1- Bu halikı musavvirin hâdisata takaddüm eden bir ilmi muhitı muhkemi var ki, bundan gizli kalması ihtimali bulunan hiç bir emri hafi veya gaib tasavvur edilemez, tevhid da'vası altında teslis muammasile bir akidei sir diye gizlenmek istenen şirk-ü küfür de ondan gizli kalamaz. Huzur ve gıyab, izafî ve nisbî olan ilmi mahlûk-u hadîse nazarandır. Binaenaleyh ilimler, ma'lûmlar, gözler, gönüller, akıllar, kalbler, iradeler, fi'ıller yaradan ve yarattıklarını en ufağından en büyüğüne varıncıya kadar bütün nizamı vücude rabteden ve onları biribirile anlaştırıb gayei hilkatlerine doğru yürüten bu halikı musavvir Arz-ü Semada zaman ve mekânda sendeliyerek dolaşır, kör, serseri cahil, bir âmili gafil değildir ki, kahr-ü intikamı cahilâne olsun. Size bir ilim gelirse ondan gelir. Onun böyle erhamda tasvir ettiği ve daha yüksek ıstıfalarla tekvin eylediği Enbiya ve meselâ bu miyanda İsa, fürkanın ve sahib fürkanın geleceği ve saire gibi bazı mugayyebattan haber vermesi ise bunların hepsi onun i'lâm-ü ta'limidir.

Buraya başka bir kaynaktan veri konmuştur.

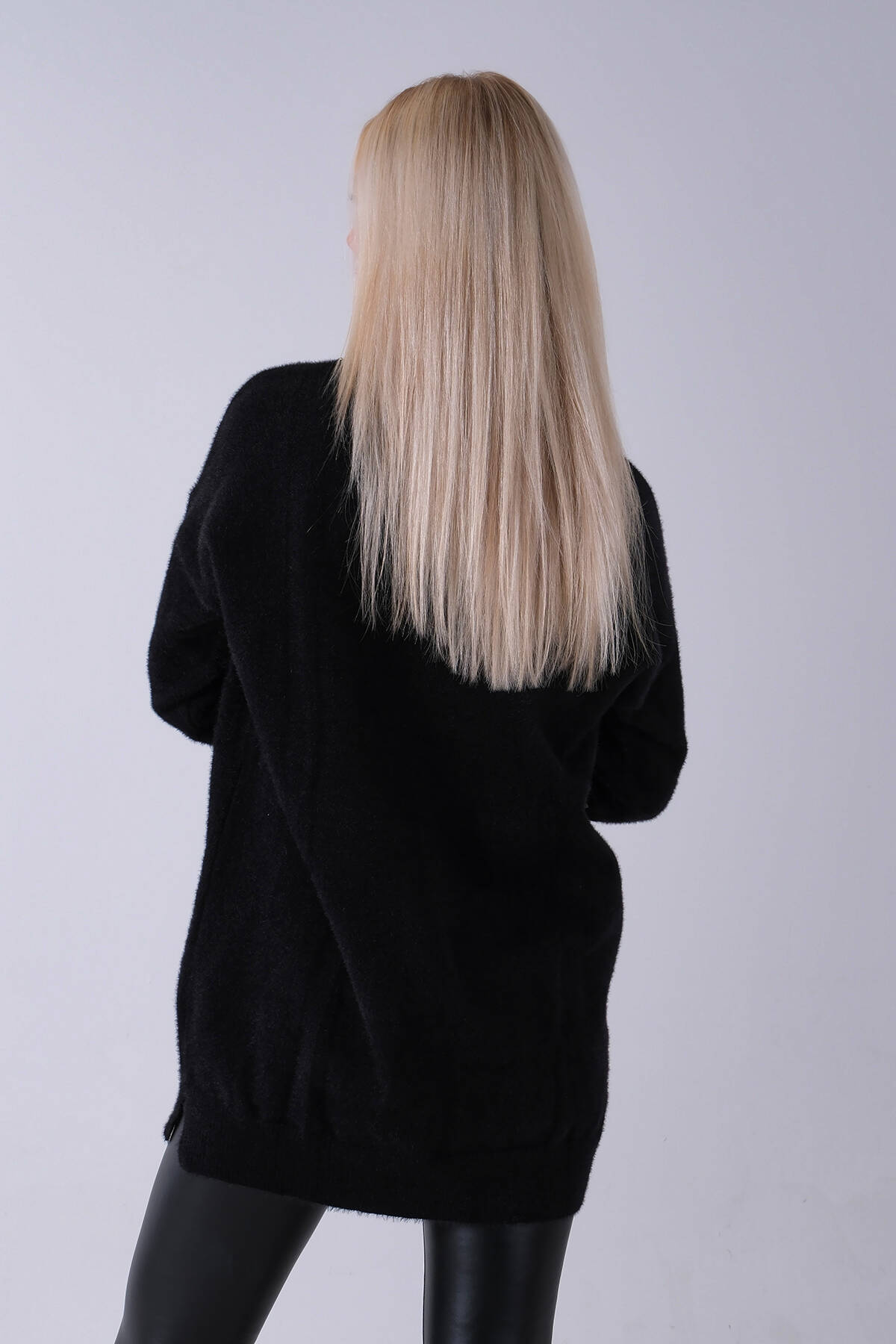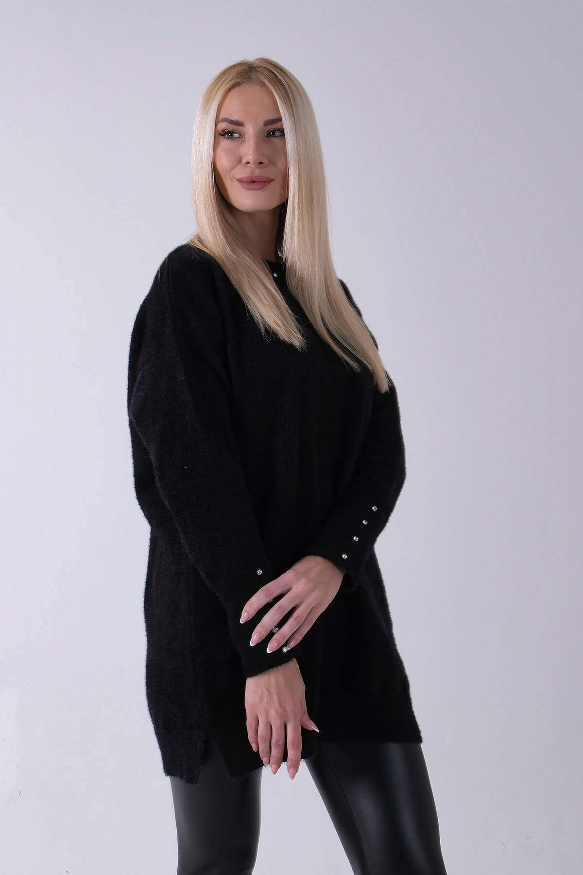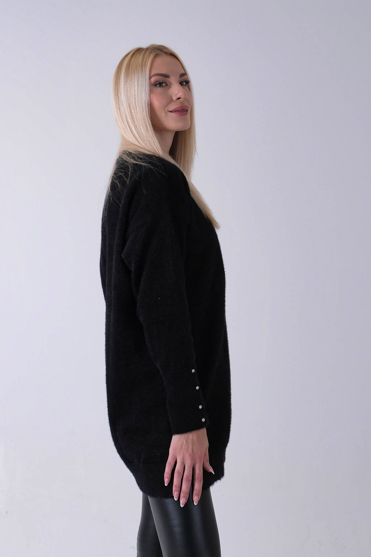 Mürdüm Yaka ve Kolları Taş Detaylı Bisiklet Yaka Kazak 44530206.21

2- Bu halikı musavvirin hiç bir şey'e muhtac olmıyan bir kudreti baligası vardır. Öyle bir kudret ki, Arz-u

Semasiyle bütün kâinatı mevcude ve mümkine zerrat-ü ecramiyle, besait-ü mürekkebatiyle, maddiyat-ü ma'neviyyatiyle hep ondandır ve ona müsahhardır. Bütün madde ve kuvvet tecelliyatı hep o kudretin tecellii te'sirinden ibarettir. Tabiat onun te'siratı mütekerrire ve muttaridesi, hılâfı tabiat harıkalar da onun te'siratı münferide ve gayri muttaridesidir. Kavanini tabi'ıye namı verilen tevalii şuun silsileleri o kudretin hâkimi değil mahkûmudur. Bunlar onun te'siratı müteakıbesinden çıkan suveri mütehalifenin tayyile suveri mütemasilesinin ifadesidir, bir tarıktır. Meselâ Kürei Arz üzerinde hayvanatın zuhur ve intişarından sonradır ki, «her hayvan ilk tasvir edilmiş olan bir maddeden «bir maddei musavverei ulâ = protopilazma» dan çıkar» diye hayatı maddiye için bir kanunı tabiî vaz'edilir. Ve vaz'edilirken şurası da bilinirki bu kanun, ezelî değil hâdistir. Çünkü Arzın teşekkülünden ve üzerinde hayvanatın zuhurundan sonra başlamıştır. Maddei musavverei ulâ, ezelî değil o vakittenberi peyderpey halk-u tasvir olunmaktadır. Rahimde tasvir olunan her insanın maddei musavverei ulâsı da yenidir. Bunun kanunı tasviri ilmi hayatın değil ondan evvel İlmi Kimyanın ve Fizikın kanunlarındandır. Hattâ kimyayı uzvî ile gayrı uzvî arasında haddi fasıldır. Binaenaleyh maddei musavverei ulânın kanunı tasviri, tasviri sani ve salis kanunlarına tabi değildir. Fakat buna da bir kanun farz olunsun ve bu farz ne kadar daha tekrar edilirse edilsin her halde bu bir maddei ulâyı gayrı musavvereye icra' edilir. Ve her sureti cedide yep yeni bir mevcudiyet olarak re'sen gelir ve her birinin başında mutlak ve mutlak bu kudreti kayyumun te'siri hâlıkanesi icrayı hükmeder. Maddei gayri musavvere ise fi'len mevcud değildir. O da bu kudretin tecellisine raci'dir. Hasılı kavanini tabi'ıyye ta'biri müessirin değil, tarıkı te'sirin ifadesidir. Tabaı' muhtelif, halbuki mebdei tabiat birdir ki, o da halk-u te'sirdir. Tabiat, muttarid olan demektir. Ve bunun en umumî kanunu ıttırad kanunudur. Böyle iken tabai'ın muhtelif olması, cüzî küllî mütehalif, mütenevvi' tabiatlere ayrılması ılleti hakikıyye olan kudreti vahdaniyenin tabiate hâkim olduğuna ve ıstıfa ve tekâmüli tabiîynin bu kudrete medyun bulunduğuna delili kat'îdir. Binaenaleyh bu kudreti müessirei musavvireye nazaran ilk maddenin tasviri, haricî hiç bir şart ile meşrut değildir, ve o kudretin mukabilinde hiç bir kudret yoktur. İşte insanları erhamda tasvir eden halikı musavvir böyle bir kudreti baligaya malik bir hayy-ü kayyumdur.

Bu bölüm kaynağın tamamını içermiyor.